According to the Economic and Social Commission for Asia and the Pacific (ESCAP,
2004), the number of aged citizens in Asia, i.e. individuals aged 60 and over, will
increase by 218.9% from 322 million in 2000 to about 705 million in 2025. Among
Asian countries, Japan and Singapore will most likely have the oldest population by
2030.
Malaysia is experiencing improved health, longer life expectancy, and
declined mortality as the country progresses in terms of education, economy,
healthcare, public welfare and governance. These factors combined are fast changing
Malaysia's demographic profile where the age used to define the elderly now in the
country is 60 years, which is similar to the cut-off age adopted by the United Nations
(UN).

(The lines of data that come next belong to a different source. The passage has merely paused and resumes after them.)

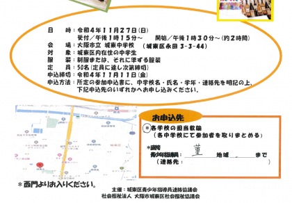 城東区青少年指導員連絡協議会が主催の中学生講習会が行われます。
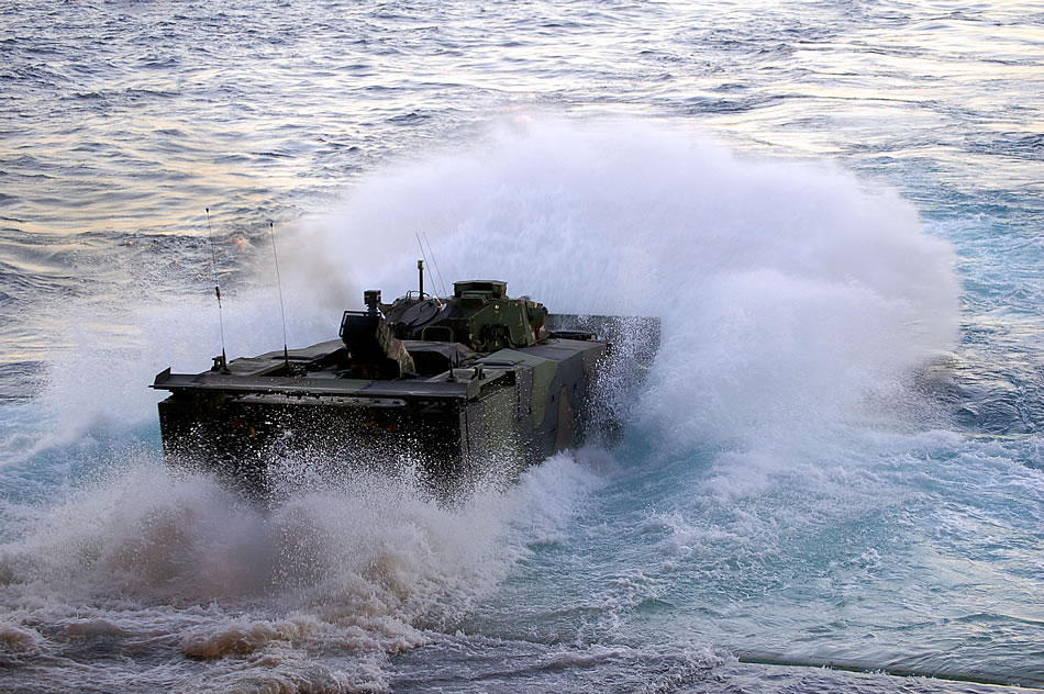 PACIFIC (Dec. 15, 2007) A U.S. Marine Corps Expeditionary Fighting Vehicle (EFV) departs the well deck of San Antonio-class amphibious transport dock ship USS New Orleans (LPD 18) on Dec. 15, 2007. U.S. Navy photo by Ensign Ashleigh S. Teitel
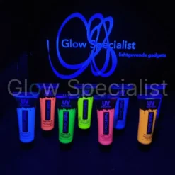 Nu is er deze voordeelset van 8 kleuren. De set bestaat uit 8 tubes van de meest gevraagde kleuren: rood, blauw, geel, roze, groen, wit, paars en oranje. De schmink is kant-en-klaar en eenvoudig aan te brengen met je vingers, sponsje of heel precies met een kwastje. De paint is makkelijk in gebruik en wordt veel gebruikt voor UV party’s, neon feesten en glow events. Leuk om te combineren met onze andere blacklight cosmetica en glitters.
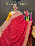 Hot Red pure crepe Banaras silk sarees. With brocade blouse
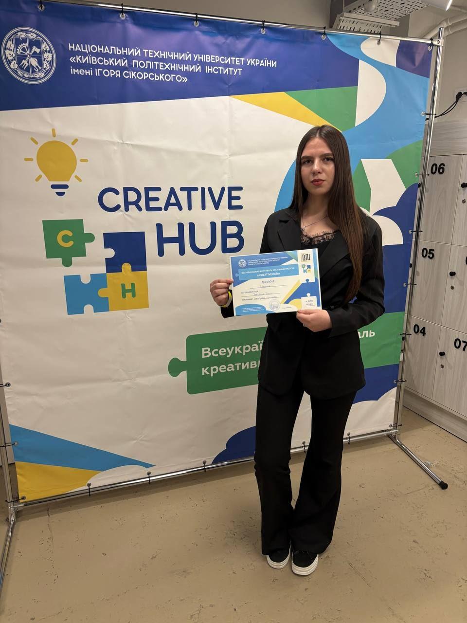 Творча молодь також відзначилася на Всеукраїнському фестивалі креативної молоді «CreativeHub 2026», організованому Національним технічним університетом України «КПІ ім. Ігоря Сікорського». Наші учасниці посіли призові місця: І місце — Діана Ткаченко (у номінації «Соціальна реклама»); ІІ місце — Владислава Шевченко (у номінації «Стоп діпфейк»). Окремо слід відзначити Діану Ткаченко, яка за свою перемогу отримала цінний приз від партнера конкурсу — маршрутизатор Huawei.
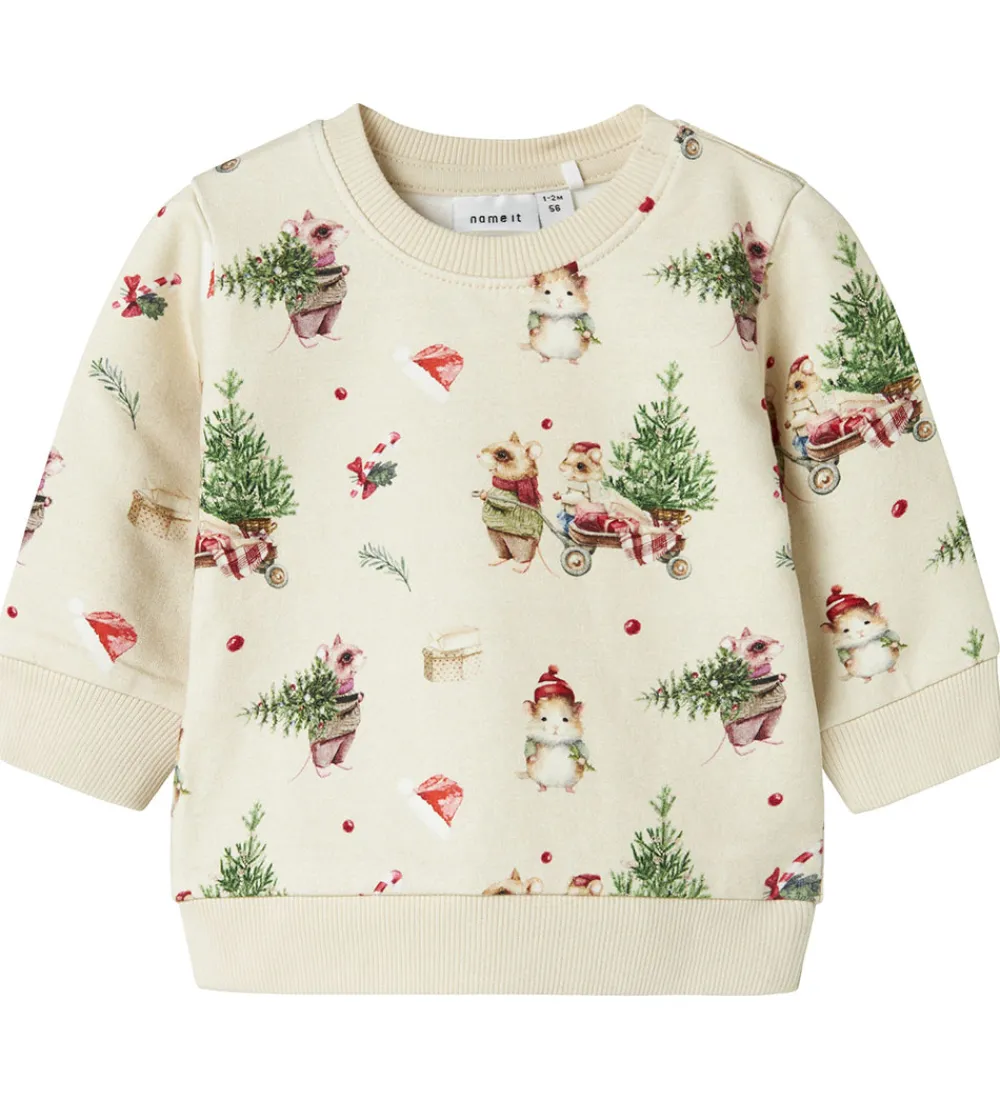 Charmerende Name It sweatshirt med et sødt juleprint af små dyr, der bærer juletræer. Sweatshirten kommer i en lys beige nuance og har lange ærmer samt en rund halsudskæring.
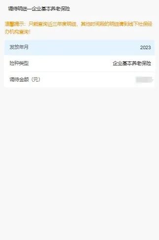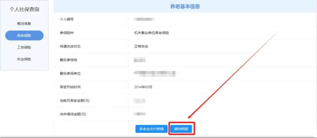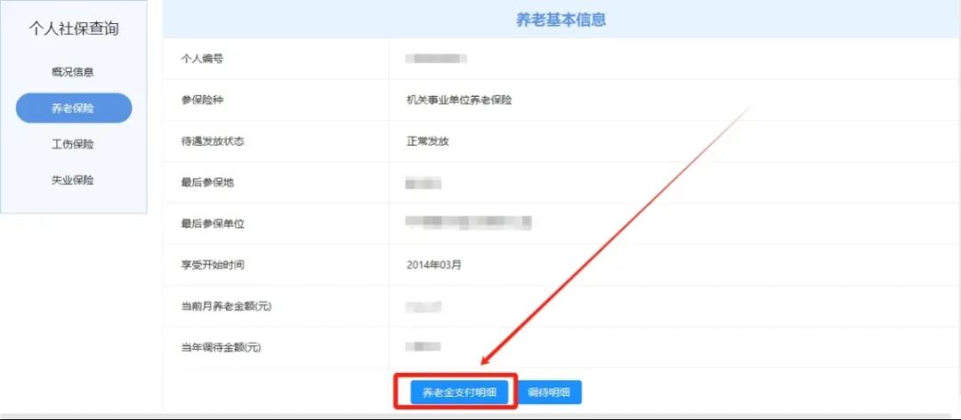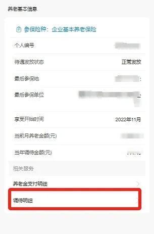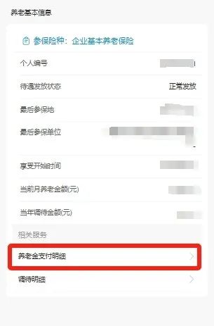 ④ 返回上一页,点击“养老金支付明细”,即可查询调待后1-6月补发的养老金额度。

The total population of Malaysia is now closely approaching 30 million, and is
projected to increase to 38.6 million by 2040 (Department of Statistics Malaysia,
2013). Although her population is still not considered elderly in Asia, the number of
Malaysia's elderly population has recorded a steady increase since the early 1990s.
Findings from the Department of Statistics 2000 Census revealed an increase in the
percentage of the elderly from 5.9 percent in 1991 to 6.2 percent (about 1.5 million) in
2
2000. This is a clear indication that demographic ageing is taking shape in Malaysia.

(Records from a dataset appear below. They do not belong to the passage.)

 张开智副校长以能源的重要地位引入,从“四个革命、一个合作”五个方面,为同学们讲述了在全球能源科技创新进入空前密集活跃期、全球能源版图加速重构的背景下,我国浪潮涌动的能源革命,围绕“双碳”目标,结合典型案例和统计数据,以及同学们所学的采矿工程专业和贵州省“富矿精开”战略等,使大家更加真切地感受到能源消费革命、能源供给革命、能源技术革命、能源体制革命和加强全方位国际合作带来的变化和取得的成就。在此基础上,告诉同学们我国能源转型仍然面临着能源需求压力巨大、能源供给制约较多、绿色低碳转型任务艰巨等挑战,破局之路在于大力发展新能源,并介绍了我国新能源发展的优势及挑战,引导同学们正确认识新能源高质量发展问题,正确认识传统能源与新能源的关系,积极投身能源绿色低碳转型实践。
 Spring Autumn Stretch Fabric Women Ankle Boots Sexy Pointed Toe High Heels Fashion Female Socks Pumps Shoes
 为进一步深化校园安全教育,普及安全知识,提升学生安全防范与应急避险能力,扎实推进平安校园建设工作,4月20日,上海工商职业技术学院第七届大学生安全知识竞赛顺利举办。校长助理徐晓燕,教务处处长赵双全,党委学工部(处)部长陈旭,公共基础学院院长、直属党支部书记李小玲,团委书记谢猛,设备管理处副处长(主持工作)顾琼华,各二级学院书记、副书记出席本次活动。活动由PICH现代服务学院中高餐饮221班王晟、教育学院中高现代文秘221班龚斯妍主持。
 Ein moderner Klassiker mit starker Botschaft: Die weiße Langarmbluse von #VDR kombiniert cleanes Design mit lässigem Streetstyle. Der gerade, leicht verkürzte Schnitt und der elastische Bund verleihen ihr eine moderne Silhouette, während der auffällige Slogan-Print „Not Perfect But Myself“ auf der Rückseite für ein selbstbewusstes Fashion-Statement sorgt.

The Census also projected that the elderly population aged 60 and above will increase
to 9.5 percent by 2020, which will be equivalent to 3.2 million (Zainab & Wan-
Ibrahim, 2014). And very recently, the director of Universiti Putra Malaysia's Institute
of Gerontology, Professor Dr Tengku Aizan Tengku Abdul Hamid, remarked that the
population of Malaysian persons aged 65 and above will catapult from 7% in 2020 to
14% in 2043, and by international standards, this will make Malaysia an aged nation
in the next five years (Loh, 2015). According to Kinsella and He (2009), over a span
of 32 years from 2008 to 2040, Malaysia will experience a 269% increase in her
population of adults aged 65 and older (see Figure 1.1).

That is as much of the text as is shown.